Mevlânâ’nın tasavvufunda esas, gönül sahibine erişmek ve cevher olmaktır.
Nitekim şöyle buyurur:
“Allah ile oturup kakmak isteyen kişi, velîler huzurunda otursun.
Velîlerin huzurundan kesilirsen, helak oldun gitti. Çünkü sen, küllî olmayan bir cüzsün. Şeytan, birisini kerem sahiplerinden ayırırsa onu, kimsiz, kimsesiz bir hâle kor, o hâlde de bulunca başını yer, mahvedip gider.” “Velîlerin huzurundan uz aklaşman hakikatte Allah ’dan uzaklaşmandır. ”

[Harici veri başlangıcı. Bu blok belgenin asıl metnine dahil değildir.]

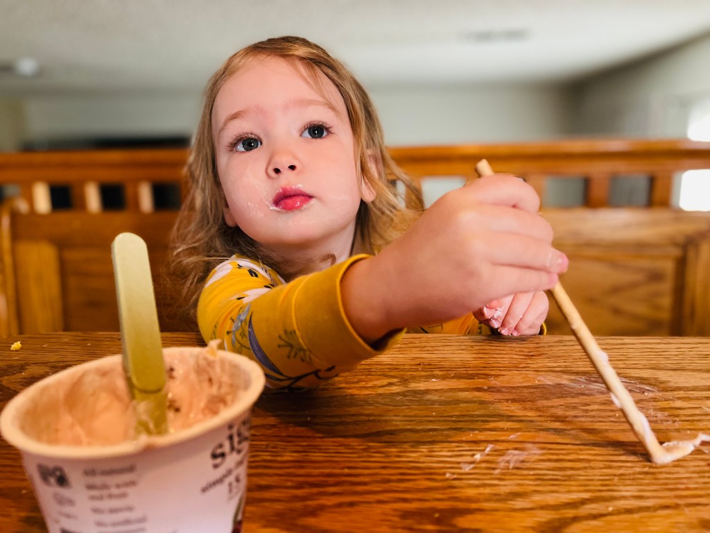 she sits forward, kneeling to dip a powdered piece of puffed pirate booty into a cup of thick strawberry skyr. just forty years ago the choice was government cheese or powdered milk; it’s not a wonder i went without, often. nothing good comes from bricked cheese that reeks of its cardboard box and plastic or milk that requires water and stirring. ‘snack time!’ she sings. she’s happy now, loves food in all sorts of strange and unexpected configurations: scrambled eggs dipped in florida orange juice, crispy coconut shrimp drug through muddy puddles of ketchup and steak; lots and lots of tiny, thinly sliced pieces of perfectly seasoned colorado beef. right now, she’s dragging a limp bamboo straw first through her yogurt and then across her teeth and tongue- it isn’t enough to taste the food, benefit from its caloric index, she wants to feel it.. thick on her lips, dusty there in her soft hand, between her fingertips. and why shouldn’t she? be a child, let to experience more than just one breath of her existence. the bamboo straw has transformed into a paint brush- dipped first in the pale pink palette of her curdled milk and then smeared gently across the surface of her powdery puff. she hums softly now, a song about a t-rex she knows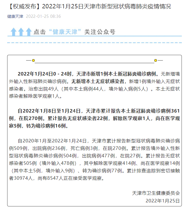 【权威发布】2022年1月25日天津市新型冠状病毒肺炎疫情情况
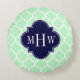 Mint Vit Marockansk #5 Marinblå 3 Initial Monogram Rund Kudde

“Mânâ ehliyle düş kalk ki, hem atâ ve ihsan elde edesin, hem defetâ (yiğit, cömert) olasın. Bu cisimde mânâsız can; hilâfsız, kılıf içinde tahta kılıç gibidir.
Kılıfta bulundukça kıymetlidir. Çıkınca yakmaya yarar bir alet olur.
Tahta kılıcı muharebeye götürme, âh u figâna düşmemek için önce bir kere muayene et; Eğer tahtadansa, yürü başkasını ara; eğer elmassa sevinerek ileri gel!
Elmas kılıç, velîlerin silâh deposundadır. Onları görmek size kimyadır.
Bütün bilenler, ancak ve ancak bunu böyle demişlerdir: Bilen, âlemlere rahmettir. Gülen nar bahçeyi güldürür. Erler sohbeti
de seni erlerden eder.
Katı taş ve mermer bile olsan, gönül sahibine erişirsen cevher olursun.
Temizlerin muhabbetini tâ canının içine dik. Gönlü hoş olanların muhabbetinden başka muhabbetlere gönül verme.
Ümitsizlik diyarına gitme, ümitler var. Karanlığa varma, güneşler var.
Gönül, seni, gönül ehlinin diyarına; ten, seni su ve çamur hapsine çeker.
Agâh ol, bir gönüldeşten gönül gıdasını al, onunla gönlünü gıdalandır. Yürü, ikbâli bir ikbâl sahibinden öğren.”